Again, we were brought in to incorporate the results of VoC into the day-to-day operations of the company. Our first step was to understand all data sources and develop an integration plan. We established VoC listening posts at both strategic and tactical levels and developed intervention strategies through informational sessions, direct hands-on workshops, and direct communication with the new CEO regarding strategic planning. Our efforts centered on breaking down barriers and resistance to change.
Success came in stages. Our major accomplishment was the establishment of cross-functional implementation teams who translated customer requirements for performance into market-focused process improvements. As growth objectives began to be met, the new CEO attributed much of the improvement to better alignment of functional processes with external customer requirements. This was a direct result of data integration efforts. Revenue has grown year-over-year by at least 10 percent for the last three years and net profits have increased 4–5 percent year-over-year.
Retention – Reducing Churn
This organization is the result of a merger between two leading companies. The combination created a giant that aspired to take on the two market leaders. The company operated a nationwide customer network with more than 50 million subscribers and was valued at $35 billion. Since the merger, the combined company struggled to drum up and retain new customers and used layoffs in two consecutive years to cut costs.
The merger resulted in technical snags due to each organization using somewhat different technology. The integration of the two companies proved more difficult than anticipated, and the resulting quality problems contributed to customer defections. This company suffered a notable loss when it was excluded from bidding on government contracts worth billions.

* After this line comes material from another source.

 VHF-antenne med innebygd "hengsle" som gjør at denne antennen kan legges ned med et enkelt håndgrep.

The new organization conducted a monthly VoC monitoring program among a myriad of custom research studies. The data appeared to show little movement in the overall indices used to monitor customer loyalty. All levels of the organization supported VoC listening post initiatives; however, the data was not always available to key decision makers at the right times. Furthermore, the data was also used as a stick rather than a carrot. While management supported VoC, no follow-up for accountability or action implementation was established. In addition, understanding about continuous improvement methods was low. The implications discovered in the data were not clear and provided no strong guidance for reducing churn. Lastly, VoC data was not linked to any other data source or internal business process metric.

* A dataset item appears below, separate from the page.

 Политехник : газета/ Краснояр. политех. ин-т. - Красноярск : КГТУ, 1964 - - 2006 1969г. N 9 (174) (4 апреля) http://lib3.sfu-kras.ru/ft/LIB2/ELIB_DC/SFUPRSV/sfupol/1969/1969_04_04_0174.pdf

We were able to review end-to-end research processes to identify potential areas for improvement and change so that data would be more user-friendly and available for action planning. Part of this process involved a data integration review. We developed communication schemes and conducted workshops on how to gain access to the data and what to do with it once it was available. Action planning and deployment activities incorporated information and actions into the appropriate functional areas. And again, we were invited to participate in the strategic planning process and put forth an ongoing plan of data integration as the company continued to restructure and grow.
During the fiscal year following the process improvement implementations, the overall information services budget had been reduced by 27 percent through a more consolidated approach to running primary research. This research was now directly linked to internal business process metrics. While churn continues to be an issue for this company, the main bleeding of customers has been alleviated. Churn rates have slowed into the single digits from the mid-double digits.
These case studies provide illustrations of how integrating data from multiple sources can help to achieve primary business objectives such as acquiring new customers in order to grow market share, improve performance, eliminate barriers to share-of-wallet growth, and reduce churn.